[Information provided]
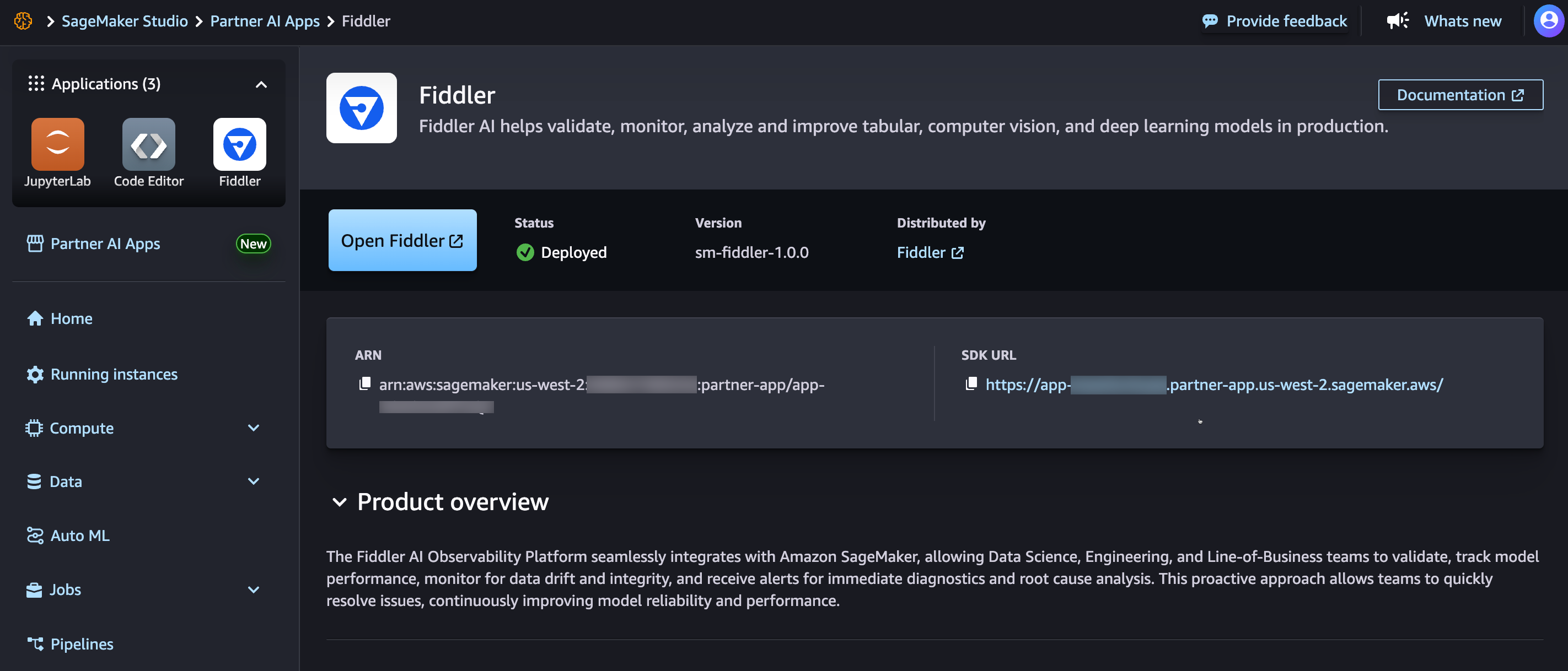 If you are using SageMaker Studio to access Fiddler, the SageMaker Partner App ARN and URL can be found by launching Studio and clicking on the Fiddler icon in the Applications list as show below:
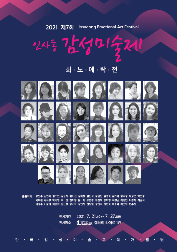 [플레이뉴스 문성식기자] 2021 제7회 인사동 감성미술제 '희노애락전'이 2021년 7월 21일(수) ~ 7월 27일(화)까지 인사동 갤러리 라메르 1관에서 펼쳐지고 있다. 화가, 미술교육자, 학생 등 각자의 개성과 감성을 자유롭게 표현한 작품으로 작가 활동할 수 있도록 연구와 지도를 진행하는 한국감성미술교육개발원 주최로 전시가 이루어졌다.
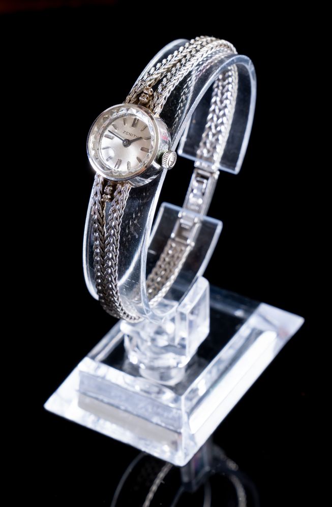 Orologio per signora in oro bianco 18K. Cassa in oro bianco 18Kt, fondello a pressione, lunetta liscia, quadrante argenté marcato Zenith, indici a bastone, movimento a carica manuale, bracciale in oro bianco a due file di maglie, vetro plastica, diametro 17 mm.
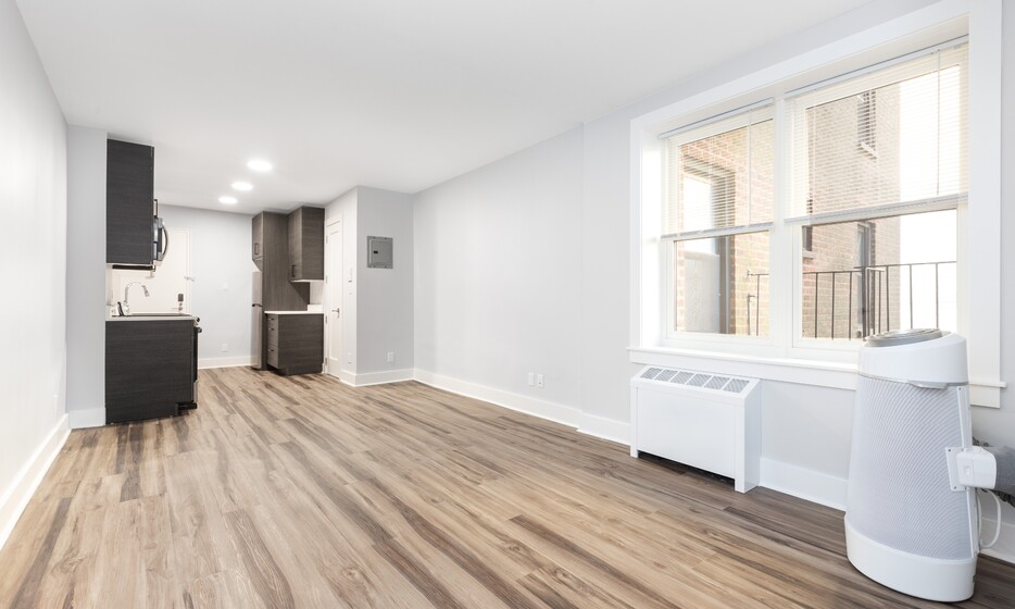 Renovated spacious studio, 1 bathroom apartment. This apartment features a renovated kitchen with white caesarstone countertops, custom cabinetry, and stainless-steel appliances.
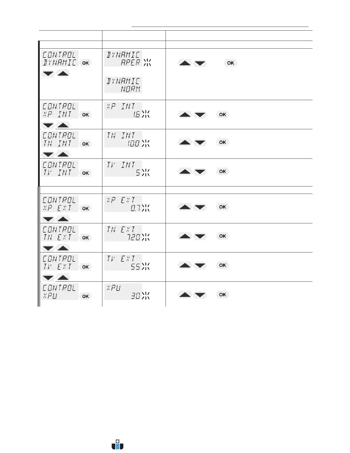 x The parameter flashes, set by pressing

[Action item] Write out exactly the lines between the start of the data and the line with "Orologio per signora", including both, but none of the pictures.

[Expected output]
 If you are using SageMaker Studio to access Fiddler, the SageMaker Partner App ARN and URL can be found by launching Studio and clicking on the Fiddler icon in the Applications list as show below:
 [플레이뉴스 문성식기자] 2021 제7회 인사동 감성미술제 '희노애락전'이 2021년 7월 21일(수) ~ 7월 27일(화)까지 인사동 갤러리 라메르 1관에서 펼쳐지고 있다. 화가, 미술교육자, 학생 등 각자의 개성과 감성을 자유롭게 표현한 작품으로 작가 활동할 수 있도록 연구와 지도를 진행하는 한국감성미술교육개발원 주최로 전시가 이루어졌다.
 Orologio per signora in oro bianco 18K. Cassa in oro bianco 18Kt, fondello a pressione, lunetta liscia, quadrante argenté marcato Zenith, indici a bastone, movimento a carica manuale, bracciale in oro bianco a due file di maglie, vetro plastica, diametro 17 mm.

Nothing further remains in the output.